We report a 63- year- old patient with multiple myeloma, who developed plasmacytoma involving the thyroid cartilage 4 years after treatment with chemotherapy and autologous stem cell transplantation (ASCT).
Case Report
A 63-year-old man presented with complaints of increasing hoarseness of voice of 18 days duration, pain in the neck and difficulty in deglutition & breathing of 8 days duration. He had been diagnosed to be a case of multiple myeloma with plasmacytoma of the manubrium sterni and had been treated with VAD (vincristine, Adriamycin and dexamethasone) chemotherapy followed by ASCT with partial response.
Physical examination revealed a nodule in left thyroid lobe and swelling of the manubrium sterni (Fig. 1). Indirect laryngoscopy revealed left vocal cord palsy. Investigations showed Hemoglobin 10.3 g/dl, total leukocyte count 4.9 × 109/l and platelet count 136 × 109/l. Serum protein electrophoresis showed no M-band in slow gamma region with IgG protein level 2,386 mg (normal 800–1,800 mg/dl). Bone marrow biopsy revealed hypocellular marrow with reduced normal hematopoietic elements with absence of plasma cells. Plain X-ray of the neck showed soft tissue mass containing discrete calcification in the anterior part of the neck abutting the thyroid cartilage. CT scan of the neck showed left thyroid mass with invasion of the left thyroid cartilage and vocal cord (Fig. 2). CT scan of the thorax revealed residual expansile lesion in the upper part of the sternum. Fine needle aspiration cytology (FNAC) from left thyroid nodule showed sheets of discretely lying mature and atypical plasma cells in a hemorrhagic background. The atypical plasma cells displayed variation in size and degree of plasmacytic differentiation, central to eccentric enlarged round, oval or irregular nucleus with nucleolar prominence. A diagnosis of extramedullary relapse was made.
Fig. 1.
Clinical photograph showing sternal swelling and left thyroid mass
Fig. 2.
CT scan of the neck showing soft tissue mass with erosion of left thyroid cartilage
The patient developed further worsening of hoarseness, breathing and dysphasia over the next few days, prompting the decision for surgical intervention. Intra-operatively, the nodule was very hard and friable and was densely adherent in the region of thyroid cartilage. An en-bloc resection of the mass including the thyroid cartilage was performed. The laryngeal mucosa was free of tumor mass and so spared. The right thyroid lobe did not show any pathology. Histopathology examination of the resected specimen showed diffuse population of immature plasma cell. The thyroid cartilage and bony trabeculae was infiltrated by tumor cells. The section from right thyroid lobe biopsy showed normal thyroid gland histology.

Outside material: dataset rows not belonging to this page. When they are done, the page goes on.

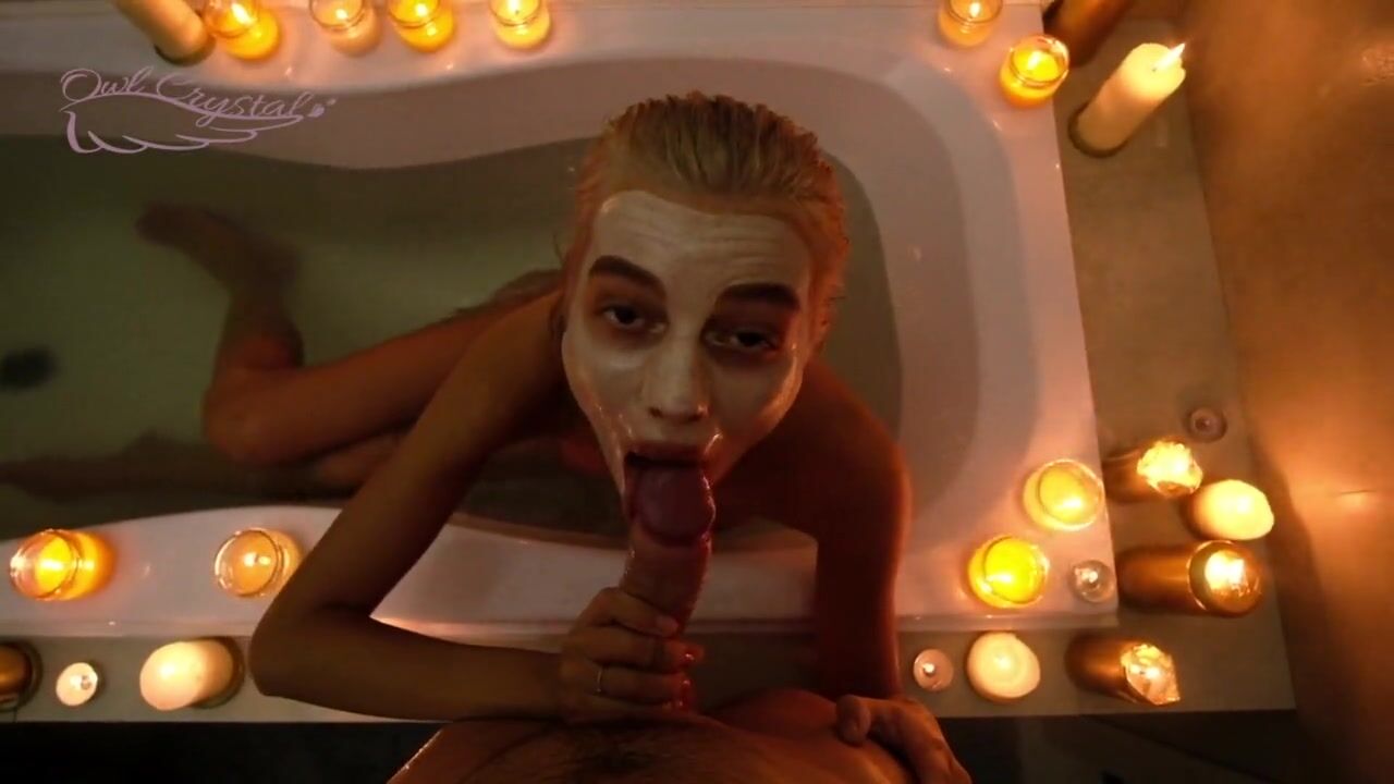 Цыпочка расслабляется в ванне и сосет любовнику
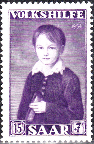 Im Volkshilfesatz 1954 aus dem Saarland zeigt eine Marke (MiNr 356) das Werk "Der junge Baron Emil von Maucler" von Johann Friedrich Dieterich.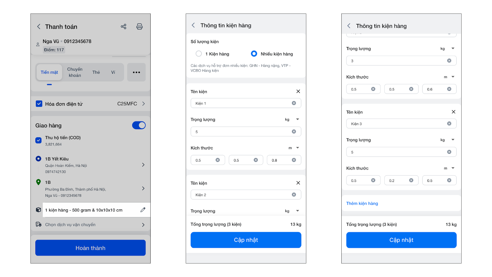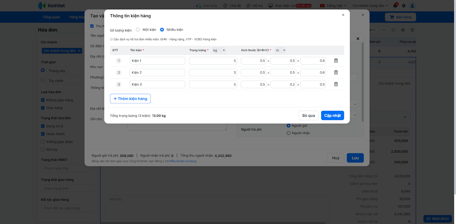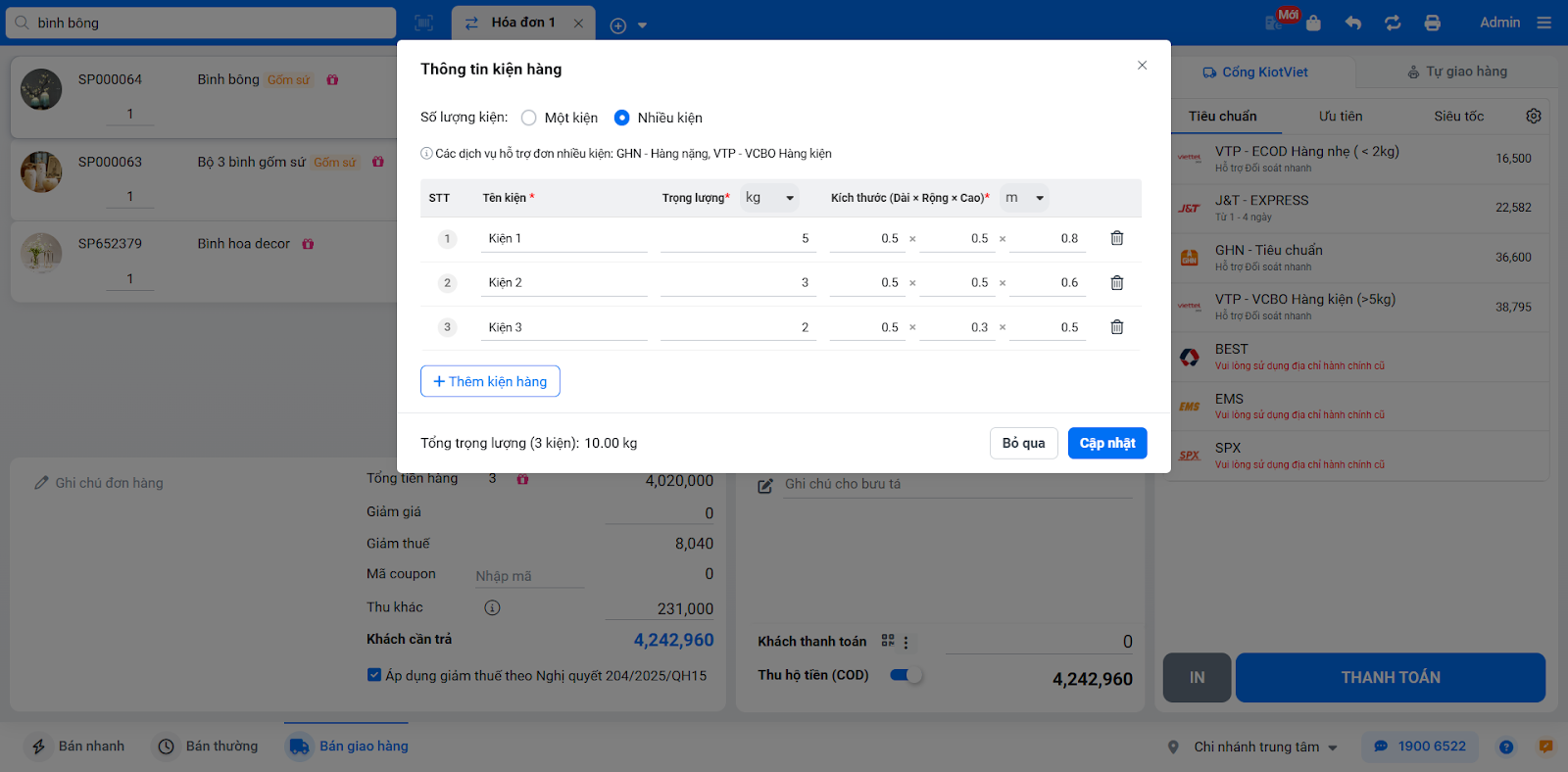 xóa nếu bạn muốn bỏ bớt kiện). - Nhấn Cập nhật → hệ thống sẽ tự động tính tổng trọng lượng (Ví dụ: “3 kiện – 10.00 kg”).

The post-operative course was uneventful and the patient was discharged on the third post-operative day. In the second post-operative week, during follow-up, the operative wound had healed well and the patient was symptom free. He reported to hospital again after 1 month with complaints of low backache, fever and altered sensorium. The patient was hospitalized and revaluated. The serum IgG immunoglobulin level was 6,600 mg/dl (normal range 800–1,800 mg/dl) bone marrow showed presence of plasma cells suggestive of bone marrow relapse. The patient refused further treatment and died after 1 week due to septicemia.
Discussion
Extramedullary plasmacytoma (EMP) are localized plasma cell neoplasm, which arise within soft tissue and account for 4% of all plasma cell disorders. Eighty percent of primary EMP occur in head and neck region and account for less than 1% of all head and neck tumors. The most common sites of involvement are sinonasal/nasopharyngeal area, oropharynx, and larynx in decreasing order of frequency. The diagnosis of primary EMP is made only after exclusion of MM, because one-third of the patients with EMP have underlying MM [7]. In majority of MM patients, EMP is clinically silent. On autopsy studies the usual site of involvement are liver, spleen and lymph nodes. The symptoms due to EMP are typically related to the site of lesions and in decreasing order of frequency are soft tissue mass [80%], airway obstruction [35%], epistaxis [35%] tumor associated local pain [20%], proptosis [15%], nasal discharge [10%] and cranial nerve palsy [10%] [8].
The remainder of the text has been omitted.